- Script type: Abjad
- Direction: Right-to-left
- Languages: Afrikaans;

Related scripts
- Parent systems: Proto-SinaiticPhoenicianAramaicNabataeanArabicPerso-ArabicArabic Afrikaans; ; ; ; ; ;

= Arabic Afrikaans =

Variant of Arabic script used to write the Afrikaans language

Arabic Afrikaans (Afrikaans: Arabies Afrikaans; عربس افركانس) or Lisan-e-Afrikaans (لسانِ افرکانس) is a form of Afrikaans written in the Perso-Arabic script which began in the madrasas of Cape Town, South Africa in the 1830s. Apart from a 16th-century manuscript in the German language written with Arabic script, it is the only Germanic language known to have been written in the Perso-Arabic script. Arabic Afrikaans is not a mixed language.

== Extant texts ==
Seventy-four Arabic Afrikaans texts are extant. The earliest, the Hidyat al-Islam, is dated 1845, although its source manuscript no longer exists. The oldest surviving manuscript was written by the imam Abdul-Kahhar ibn Abdul-Malik in 1868 and describes basic Islamic learning. Islam had arrived among the Malays during the early 15th century and these works were most likely teaching tools, a way for Muslim teachers to instruct Malay slaves in the Cape while not necessarily being able to speak Dutch very well or at all.

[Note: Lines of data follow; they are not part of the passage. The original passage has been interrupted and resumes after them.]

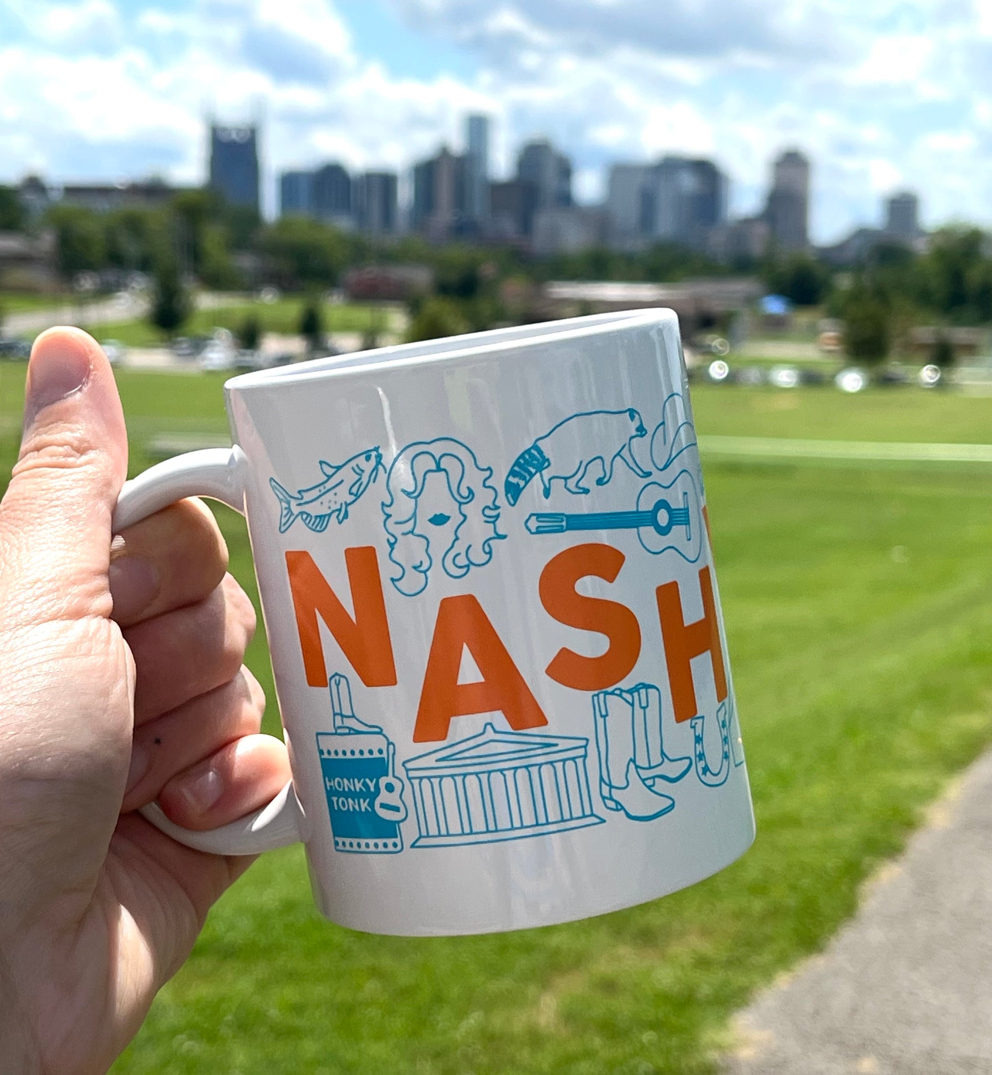 An 11oz ceramic mug featuring our favorite Nashville landmarks and icons, including The Parthenon, Ryman Auditorium, Dragon Park, the "Batman Building", catfish, and more. Measures approx. 3.5x4". Microwave & dishwasher safe.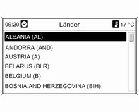Auswählen/Ändern des Landes: das Land-Eingabefeld markieren (siehe Abbildung oben) und den MENUKnopf drücken, um das Menü Länder zu öffnen.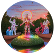 Adrian Cox welcomes viewers to "the threshold of the real and the imagined, the physical world and the world of dreams." The artist refers to the inhabitants of his work from the series Into the Spirit Garden as Border Creatures, "a group of hybrid beings that live in the verdant wilderness of the Borderlands." In this image, the Spirit Gardener - depicted in rainbows on the central island - experiences a death and rebirth while their companions celebrate their transition. Cox's mythology employs the nonhuman to represent the journey of existence. This piece was originally commissioned by the band Tool, to be used as a tour date poster, and eventually became a centerpiece of Cox's allegorical series.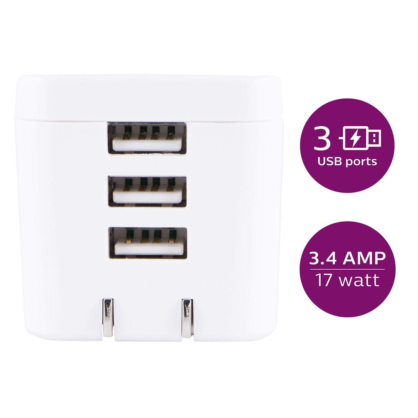 Take Charge Of Your Day With A Philips Triple Usb Wall Charger Featuring Three Standard Usb Ports The Wall Charger Creates A Multi-Purpose Charging Station For Your Smartphones Tablets And More With A Charging Rate Of 17W The Built-In Usb Ports Reduce The Need For Multiple Adapters Providing A Neat Organized Area For Connecting All Your Devices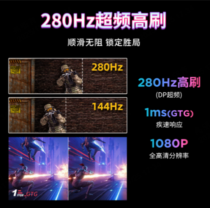 VX24G11搭載高達280Hz的超高刷新率,遠超傳統(tǒng)顯示器的60Hz或144Hz標準,為FPS、MOBA、賽車等高速動態(tài)游戲帶來前所未有的暢爽體驗。在高速移動與激烈對戰(zhàn)場景中,280Hz刷新率能夠顯著減少畫面撕裂與拖影,確保每一幀畫面都清晰可見,助力玩家搶占先機。配合1ms GTG響應時間,VX24G11幾乎消除了輸入延遲與殘影現(xiàn)象,確保玩家實現(xiàn)精準操作反饋,達到“眼動手動”的即時效果。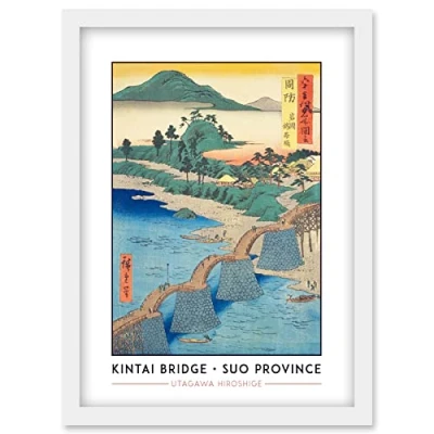 Wee Blue Coo Iwakuni, Kintai Bridge Suo Province Utagawa Hiroshige Japanese Woodblock Classic Collection Artwork Framed Wall Art Print A4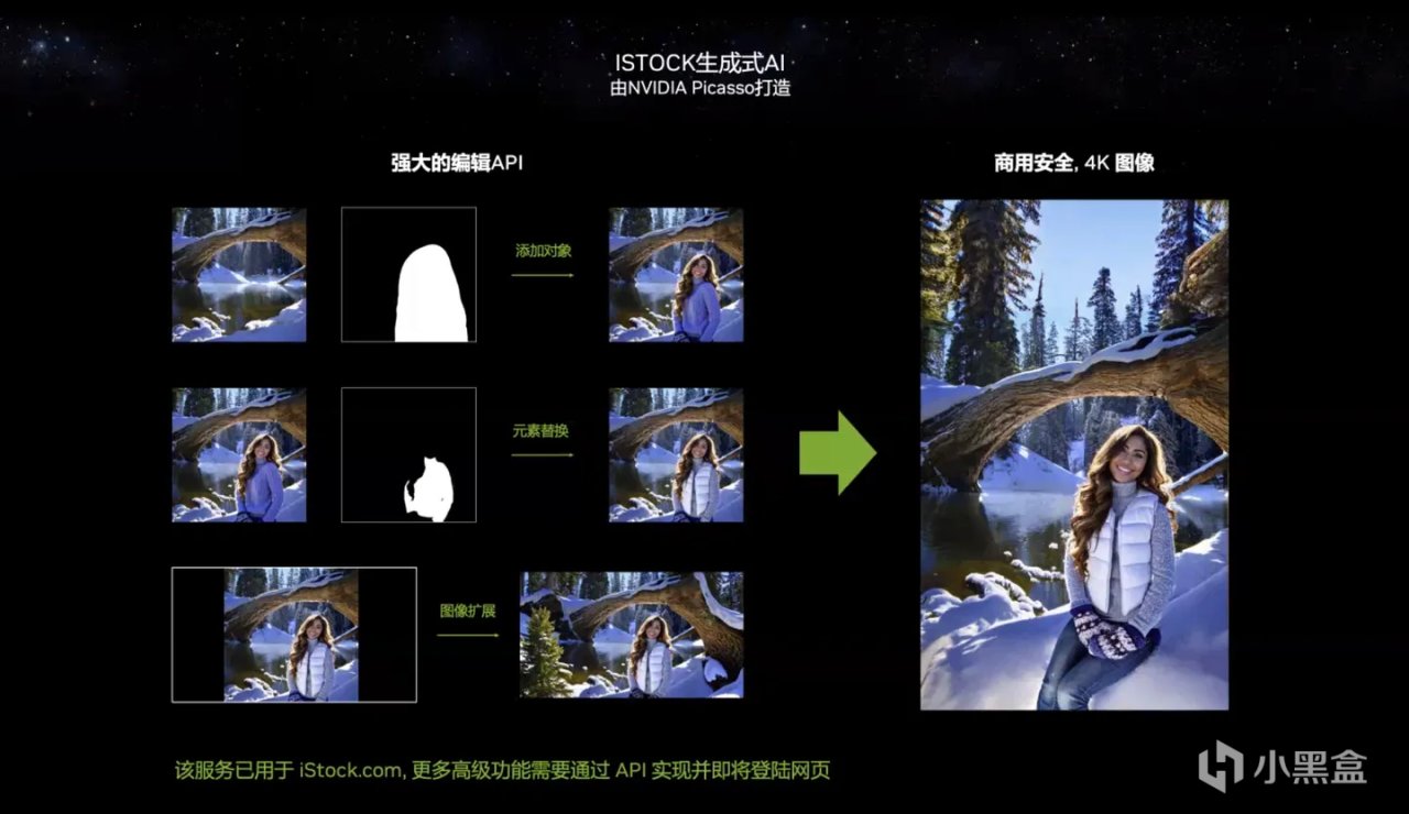 ▲由NVIDIA picasso 打造的强大的ISTOCK生成式A拥有非常强大的编辑功能,在ISTOCK的图片上添加内容,无版权问题,还可轻松扩展图像以适应不同的媒体。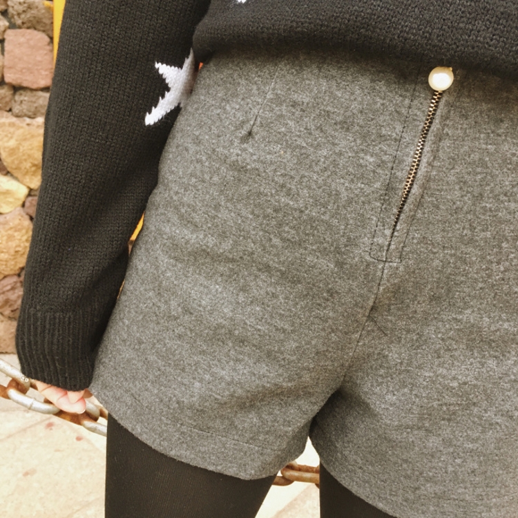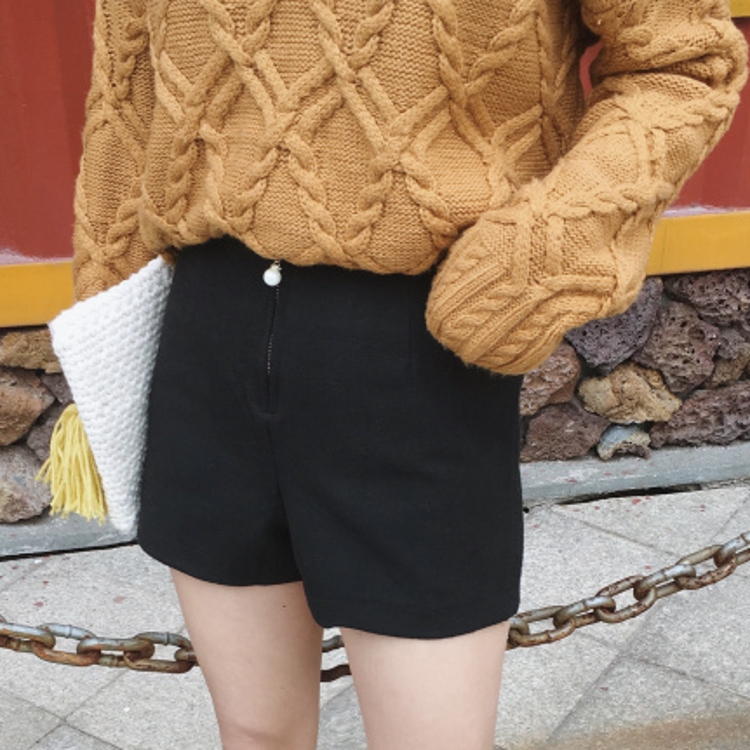 / 韓國秋冬款修身高腰百搭彈力闊腿褲靴褲女加厚毛呢短褲休閑褲

According to the German Hans Kähler, one of the primary scholars in the linguistics of Arabic Afrikaans, about 20 people were responsible for these Arabic Afrikaans texts, with the most important contributors being Abdul Kahhar ibn Hajji Abdul Malik in the early 19th century; Ahmad ibn Muhammad ibn Baha ud-Din and Ismail ibn Muhammad Hanif in the mid-19th century; and Abd ur-Rahman ibn Muhammad Al-Iraqi and Abu Bakr Effendi in the late 19th century.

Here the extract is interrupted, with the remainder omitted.